Amsterdam, The Netherlands - June 25, 2019 - InterXion Holding N.V. ('InterXion', 'we, 'us', or the 'Company') (NYSE: INXN) today announced that it intends to offer, subject to market and other conditions, 4,000,000 newly issued ordinary shares in an underwritten public offering. In addition, the Company intends to grant the underwriters a 30-day option to purchase up to an additional 600,000 ordinary shares at the public offering price, less the underwriting discount.

The Company intends to use the net proceeds from this offering for general corporate purposes, including funding for land bank development and its currently planned and future data center capacity expansion projects, working capital needs and the repayment of short-term indebtedness.

Citigroup, Barclays, BofA Merrill Lynch and Guggenheim Securities are serving as joint book-running managers and ABN AMRO is serving as co-manager for the proposed offering.

The offering will be made pursuant to the Company's shelf registration statement on Form F-3 filed with the U.S. Securities and Exchange Commission (the 'SEC') on June 25, 2019 (the 'Registration Statement'). The ordinary shares will be offered only by means of a prospectus and an accompanying prospectus supplement forming a part of the effective Registration Statement. Prospective investors should read the prospectus included in the Registration Statement, the preliminary prospectus supplement and other documents that the Company has filed with the SEC for more complete information about the Company and the offering. The Registration Statement, the preliminary prospectus supplement and the documents incorporated by reference therein are available on the SEC's website at: http://www.sec.gov.
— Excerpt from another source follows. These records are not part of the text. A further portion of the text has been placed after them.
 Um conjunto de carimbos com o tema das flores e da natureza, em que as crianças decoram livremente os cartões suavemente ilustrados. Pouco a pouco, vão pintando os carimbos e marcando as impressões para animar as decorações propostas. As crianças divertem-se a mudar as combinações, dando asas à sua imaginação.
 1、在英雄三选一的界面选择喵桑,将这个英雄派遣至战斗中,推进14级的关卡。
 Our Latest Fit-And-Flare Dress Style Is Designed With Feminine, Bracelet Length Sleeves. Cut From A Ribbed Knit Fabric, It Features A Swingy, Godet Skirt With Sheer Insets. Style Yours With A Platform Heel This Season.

When available, copies of the preliminary prospectus supplement and the accompanying prospectus may be obtained from Citigroup Global Markets Inc., c/o Broadridge Financial Solutions, 1155 Long Island Avenue, Edgewood, NY 11717, toll-free: (800) 831-9146; or Barclays Capital Inc., c/o Broadridge Financial Solutions, 1155, Long Island Avenue, Edgewood, NY 11717, by calling (888) 603-5847 or by emailing Barclaysprospectus@broadridge.com; or BofA Merrill Lynch, Attn: Prospectus Department, NC1-004-03-43, 200 North College Street, 3rd Floor, Charlotte, NC 28255-0001 or via email at: dg.prospectus_requests@baml.com.
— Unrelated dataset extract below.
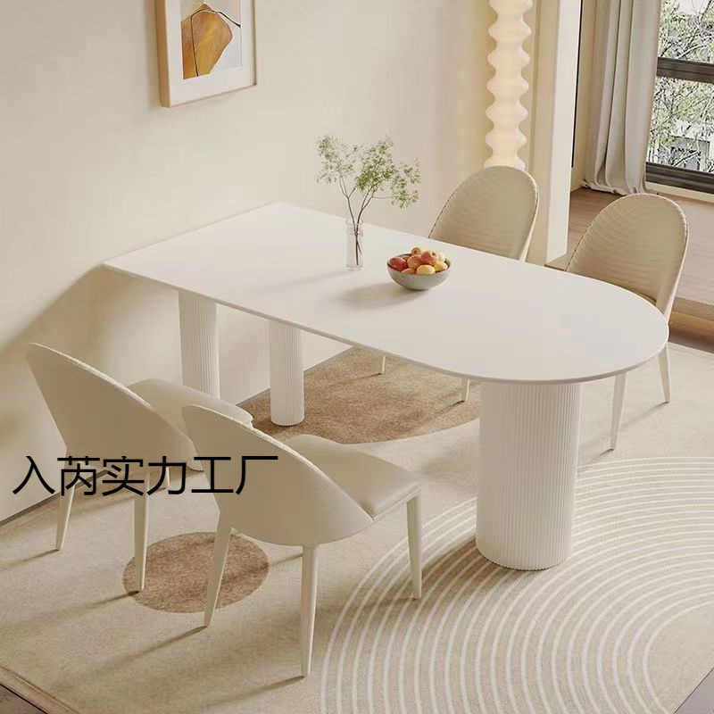 クリームスタイルのスレートダイニングテーブルと椅子の組み合わせ楕円形の家庭用ダイニングテーブルイタリアのミニマリストダイニングテーブル家庭用兼用引き出し式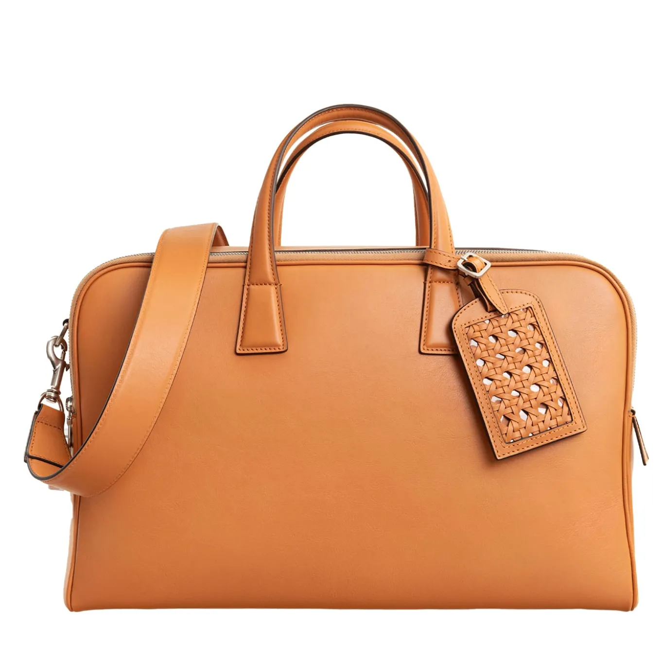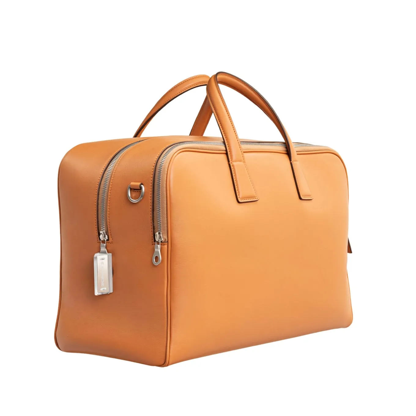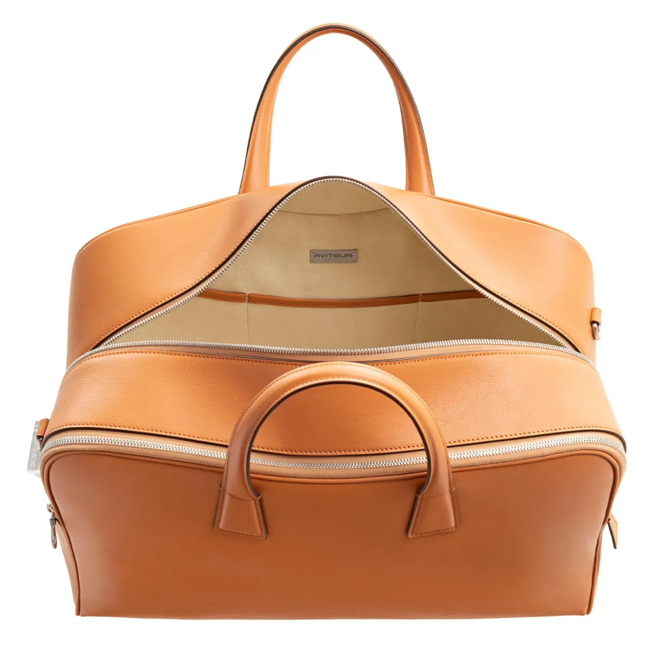 A versatile, lightweight overnight bag in the classic “Boston” shape, made from the finest quality calfskin leather and lined in luxurious Alcantara. Anodized brass hardware in Palladium. Aviteur prism clasp. Luggage Tag sold separately.

This news release shall not constitute an offer to sell or the solicitation of an offer to buy these securities, nor shall there be any sale of these securities in any state or jurisdiction in which such offer, solicitation or sale would be unlawful prior to registration or qualification under the securities laws of any such state.
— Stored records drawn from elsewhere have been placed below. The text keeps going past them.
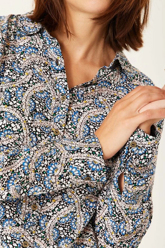 Blouse met allover print. Deze blouse heeft een klassieke kraag, een knoopsluiting en een regular fit. Dit item is gemaakt van 100% viscose.
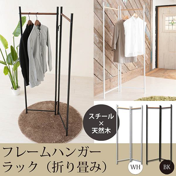 マットコート仕上げの大人なハンガーラック スチール×天然木の組み合わせがモダンでスタイリッシュな雰囲気を演出 上品で艶のないマットな質感のスチールは天然木との相性が抜群◎ 洋服が掛けやすく選びやすいオープンタイプ 使わない時は半分に折りたたんですき間に収納可能です 広げた状態でも圧迫感が少なくお部屋のインテリアにも合わせやすいデザイン 省スペースなので玄関や、脱衣所に設置するのもGOOD◎ マット質感のスチールにハンガーバーの天然木をプラスする事によ...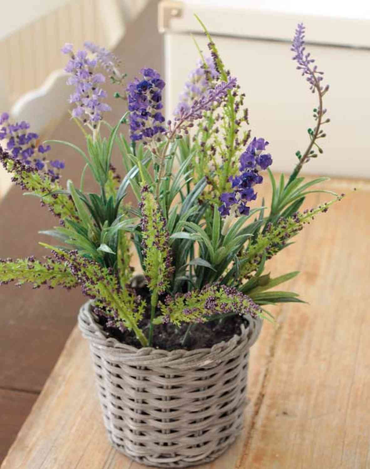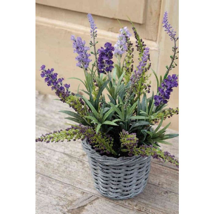 Textilní levandule KIRSA v proutěném košíku, fialová, 30cm, Ø1-2cm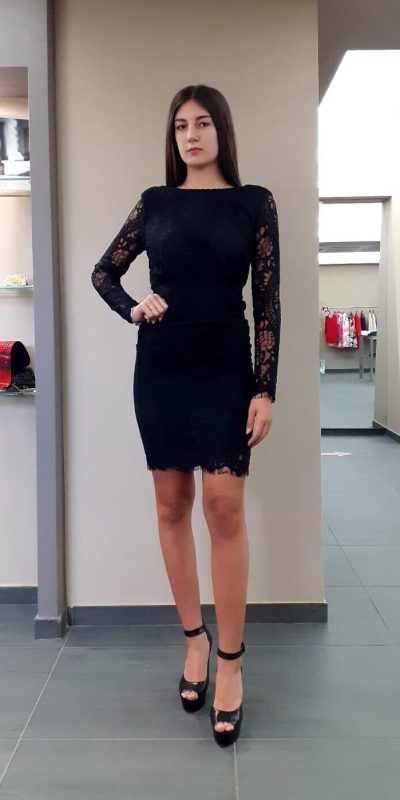 Abito corto elegante manica lunga pizzo nero Twins Beach Couture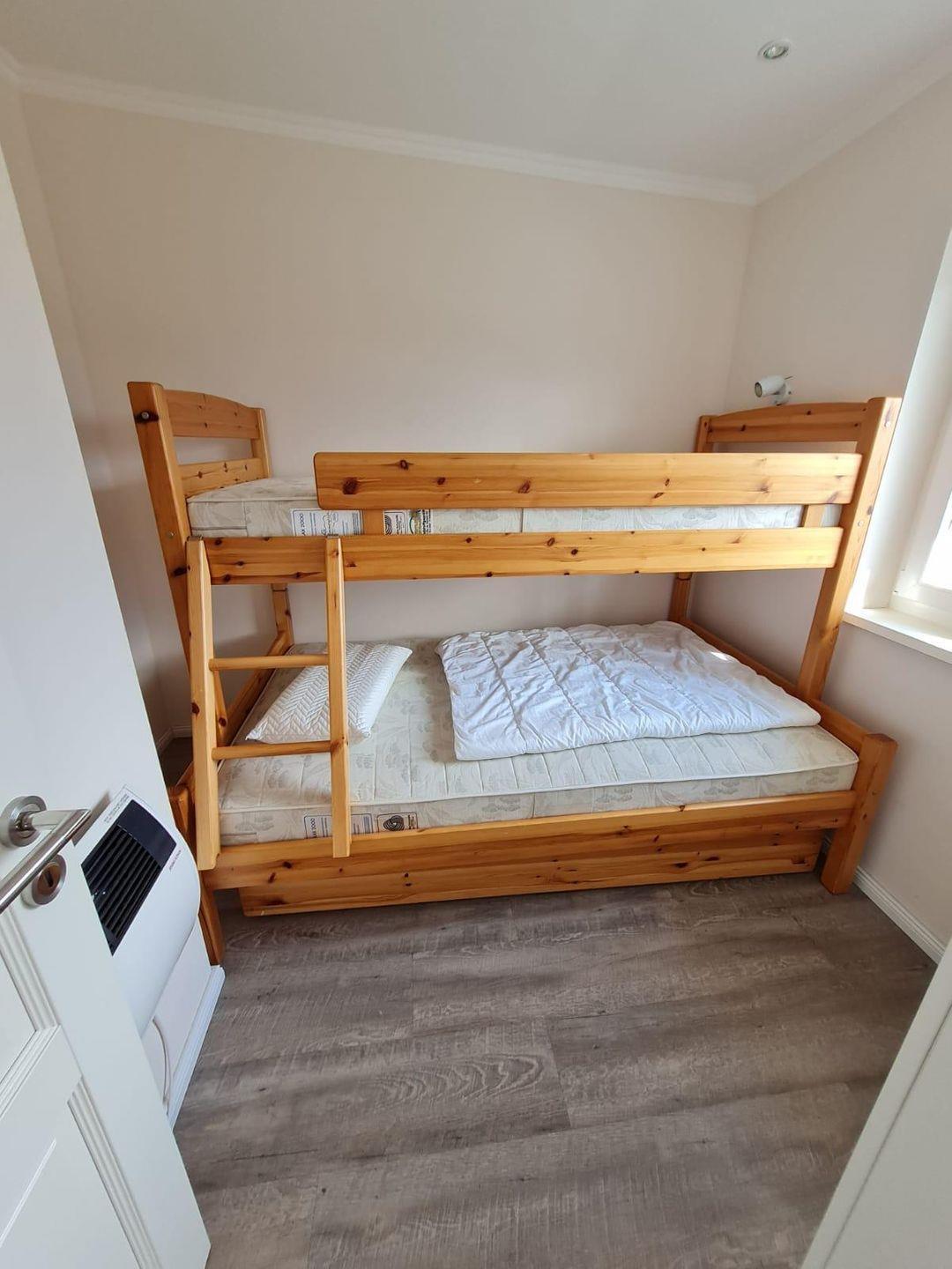 Das Haus am Meer verfügt über eine großzügige Wohnfläche. Die Küche ist mit allem Nötigen ausgestattet, was Sie zum Kochen und Genießen benötigen. 2 Schlafzimmer sind mit Doppelbetten und einem Kleiderschrank ausgestattet. Das Kinderzimmer verfügt über ein Etagenbett sowie Kleiderschrank.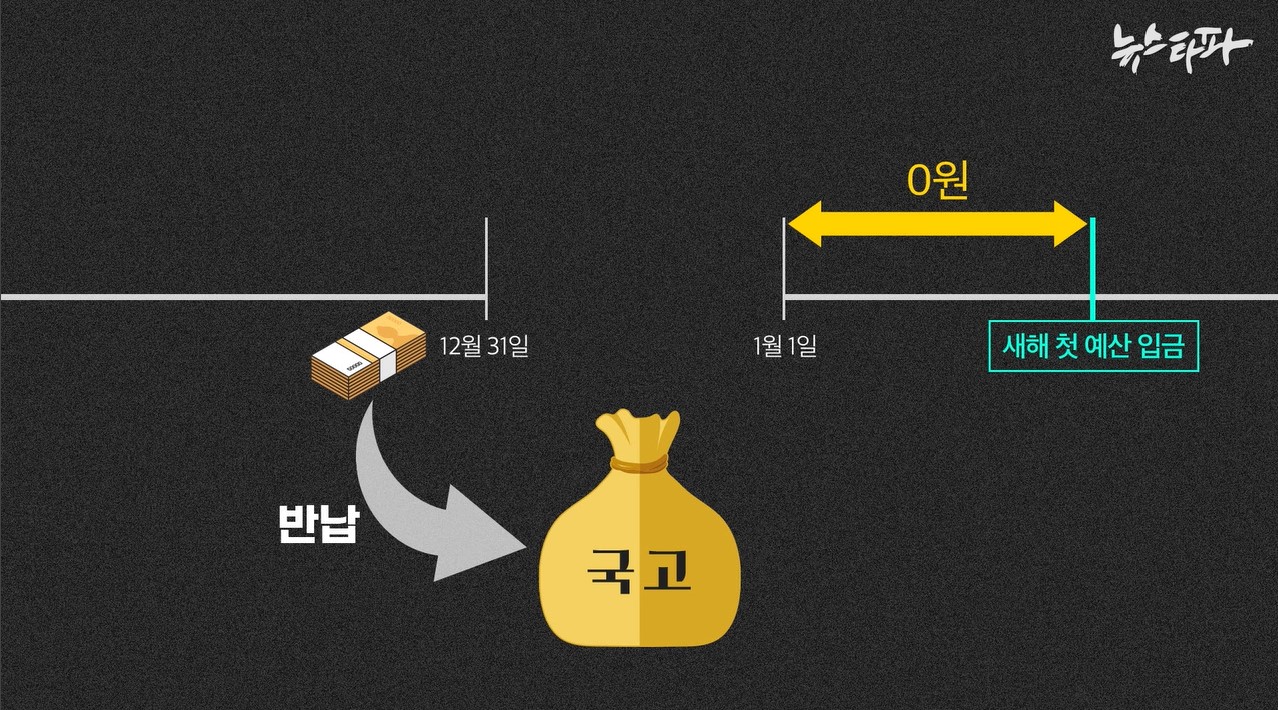 국가재정법 3조는 ‘회계연도 독립의 원칙’을 규정하고 있다. 이에 따라 모든 정부기관은 한 회계연도가 끝나는 12월 31일까지 다 쓰지 못 한 예산을 국고에 반납하고, 새해에는 새 예산을 받아 써야 한다. 매년 1월 새해 첫 예산이 입금되기 전까지 원칙적으로 모든 정부기관에게는 쓸 수 있는 현금이 없다.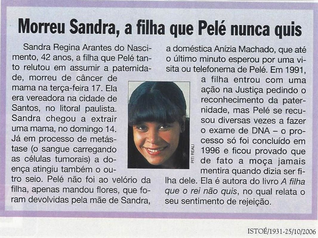 Morreu Sandra, a filha que Pelé nunca quis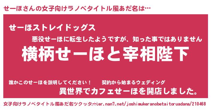 | 男性向けラノベタイトル風あだ名 | 『せーほに滅ぼされるだけの簡単なお仕事です』 |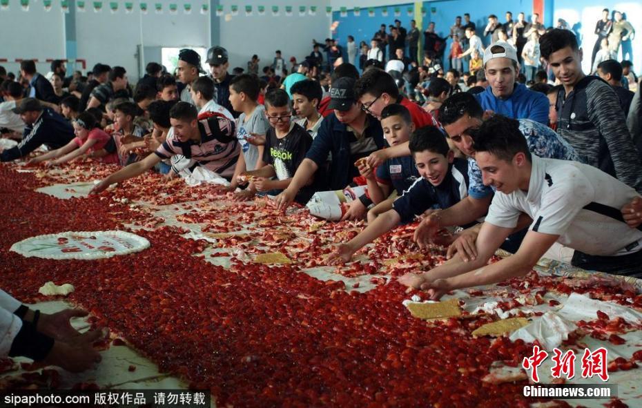 阿尔及利亚诞生世界最大草莓派 长度近50米

Neither the content of InterXion's website nor any website accessible by hyperlinks on InterXion's website is incorporated in, or forms part of, this announcement. The distribution of this announcement into certain jurisdictions may be restricted by law. Persons into whose possession this announcement comes should inform themselves about and observe any such restrictions. Any failure to comply with these restrictions may constitute a violation of the securities laws of any such jurisdiction.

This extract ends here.